#### Activity:
With the pictures removed, the data below must be transcribed in full and exactly.

#### Entries provided:
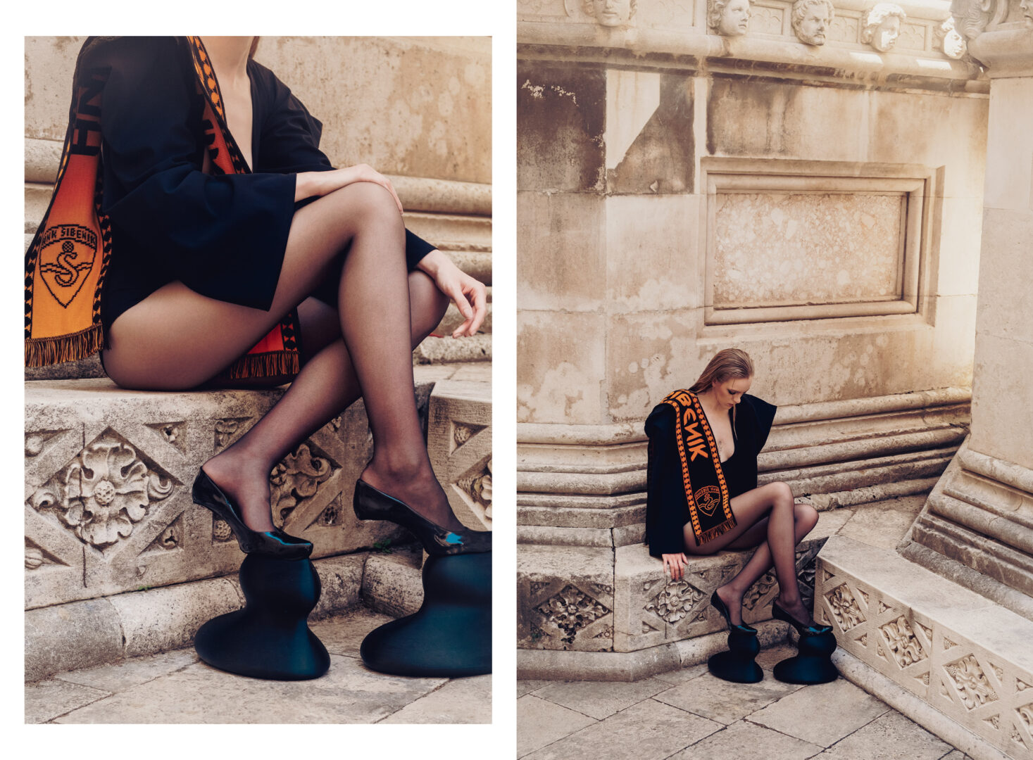 scarf belongs to the Šibenik Football Club, the bodysuit is a design by Patricia Klys @patriciaklys_studio, and the shoes are a unique creation by Daria Dembicka @daria.dembicka.
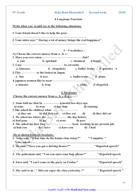 2. إجابة الاختبار النهائي لمنطقة الجهراء التعليمية
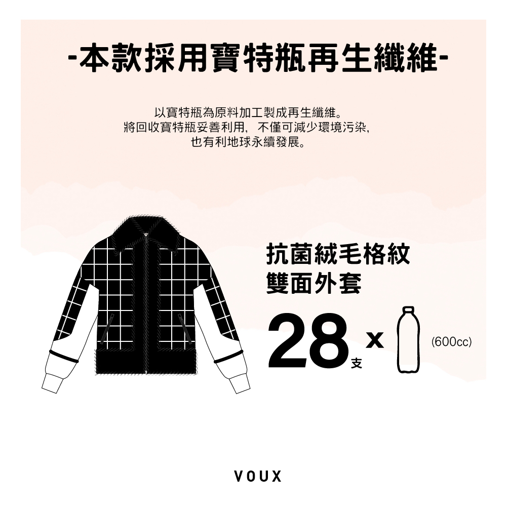 COZEE 抗菌系列格紋印花與毛絨拼接雙開拉鍊兩側拉鍊口袋袖口剪接裝飾雙面穿著
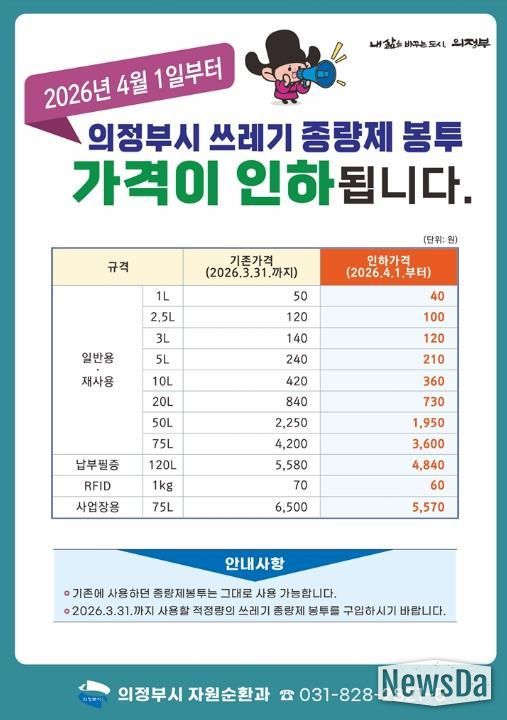 뉴스다 최광묵 기자 | 의정부시는 ‘의정부시 폐기물 관리 조례’ 개정에 따라 4월 1일부터 종량제 규격봉투 가격을 인하한다.
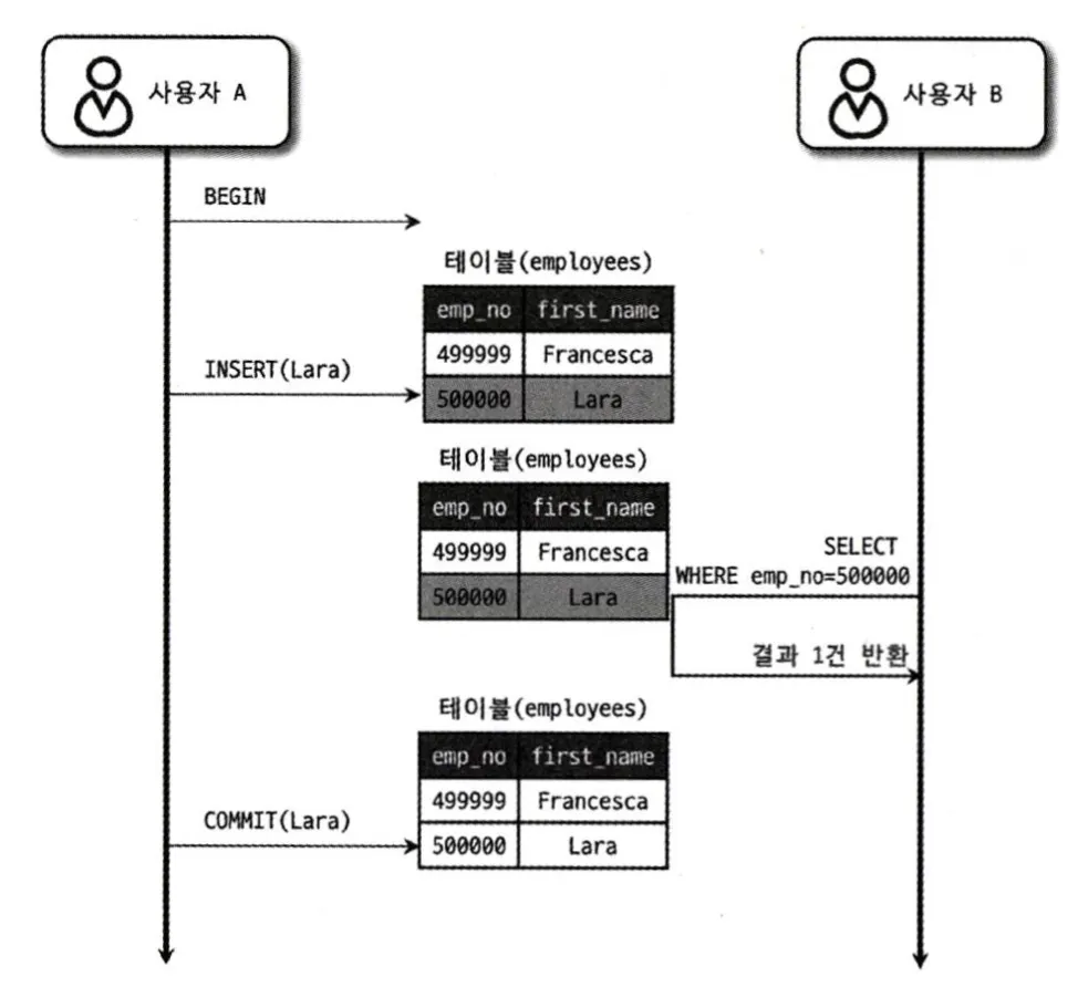 - 만약 사용자 A가 도중에 오류로 인해 ROLLBACK을 수행하더라도, 사용자 B는 이미 ‘Lara’를 정상적인 사원으로 인식하고 후속 작업을 계속 진행할 수 있다.
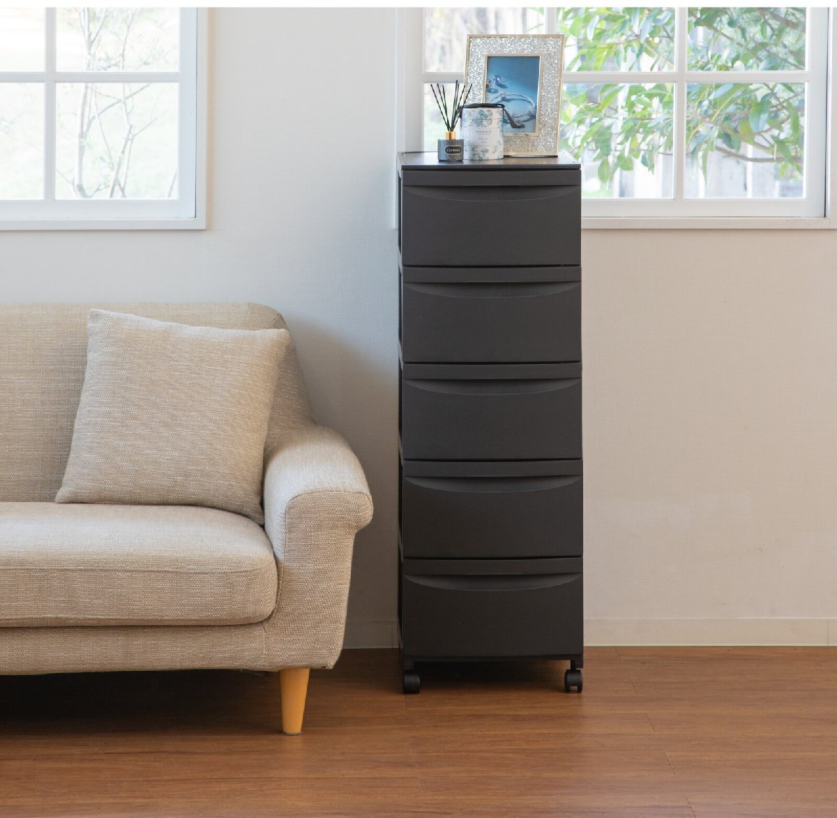 即決可@新品[日本製収納ケースプラスチック]キャスター付収納スリムチェスト5段ルーセント365引き出し式衣類ケース/ダークグレー | ||||||||||||
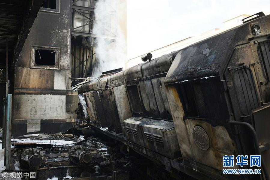 当地时间2019年2月27日,埃及首都开罗拉美西斯火车站发生火灾。据当地媒体报道,火灾系一列列车撞上水泥护栏导致车头爆炸引起。(图片来源:视觉中国)
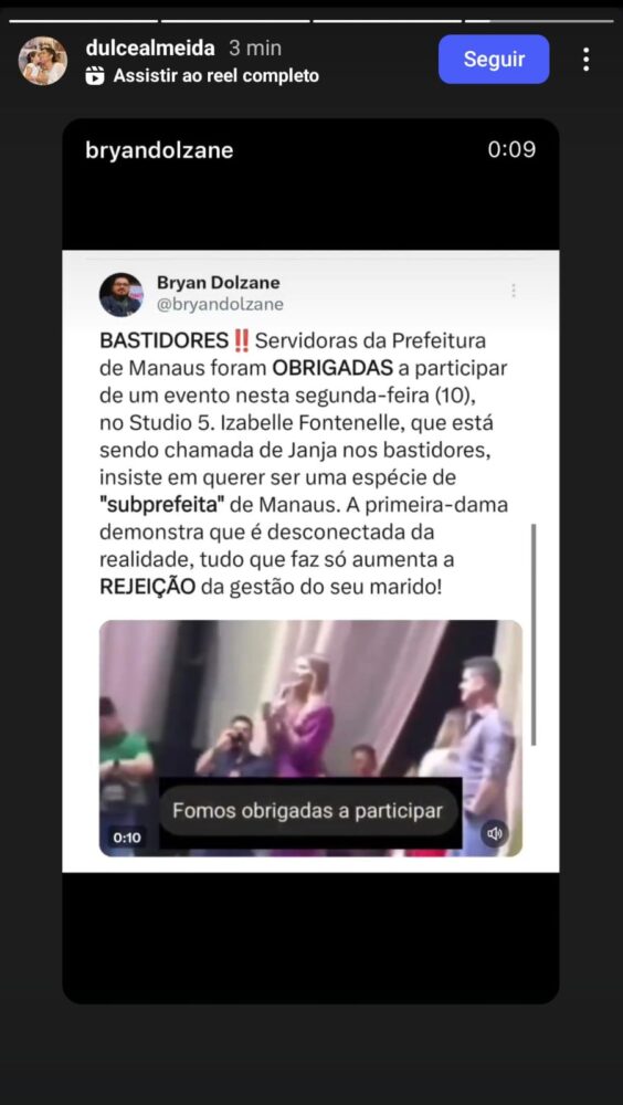 Dulce Almeida repostou um conteúdo do analista político Bryan Dolzane, que afirmava que servidoras da Prefeitura de Manaus teriam sido obrigadas a comparecer a um evento realizado no Studio 5. Segundo relatos, Izabelle Fontenelle estaria atuando como “subprefeita” e sendo comparada a “Janja”.
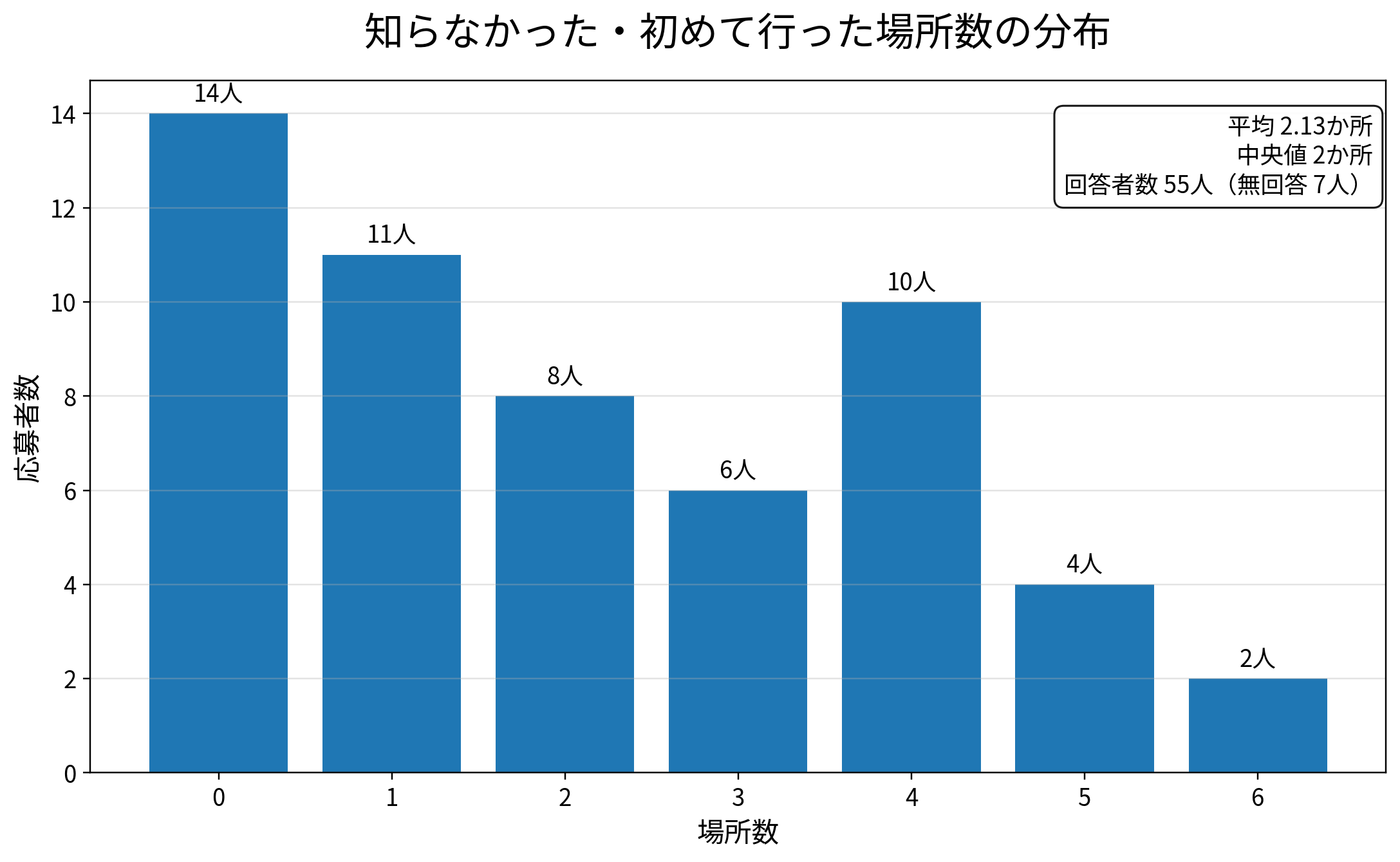応募者に対して、「今回の企画をきっかけに知らなかった・初めて行った場所」がいくつあったかを集計したところ6スポット中、平均値は2.13か所、中央値は2か所でした。

#### Response below:
 scarf belongs to the Šibenik Football Club, the bodysuit is a design by Patricia Klys @patriciaklys_studio, and the shoes are a unique creation by Daria Dembicka @daria.dembicka.
 2. إجابة الاختبار النهائي لمنطقة الجهراء التعليمية
 COZEE 抗菌系列格紋印花與毛絨拼接雙開拉鍊兩側拉鍊口袋袖口剪接裝飾雙面穿著
 뉴스다 최광묵 기자 | 의정부시는 ‘의정부시 폐기물 관리 조례’ 개정에 따라 4월 1일부터 종량제 규격봉투 가격을 인하한다.
 - 만약 사용자 A가 도중에 오류로 인해 ROLLBACK을 수행하더라도, 사용자 B는 이미 ‘Lara’를 정상적인 사원으로 인식하고 후속 작업을 계속 진행할 수 있다.
 即決可@新品[日本製収納ケースプラスチック]キャスター付収納スリムチェスト5段ルーセント365引き出し式衣類ケース/ダークグレー | ||||||||||||
 当地时间2019年2月27日,埃及首都开罗拉美西斯火车站发生火灾。据当地媒体报道,火灾系一列列车撞上水泥护栏导致车头爆炸引起。(图片来源:视觉中国)
 Dulce Almeida repostou um conteúdo do analista político Bryan Dolzane, que afirmava que servidoras da Prefeitura de Manaus teriam sido obrigadas a comparecer a um evento realizado no Studio 5. Segundo relatos, Izabelle Fontenelle estaria atuando como “subprefeita” e sendo comparada a “Janja”.
応募者に対して、「今回の企画をきっかけに知らなかった・初めて行った場所」がいくつあったかを集計したところ6スポット中、平均値は2.13か所、中央値は2か所でした。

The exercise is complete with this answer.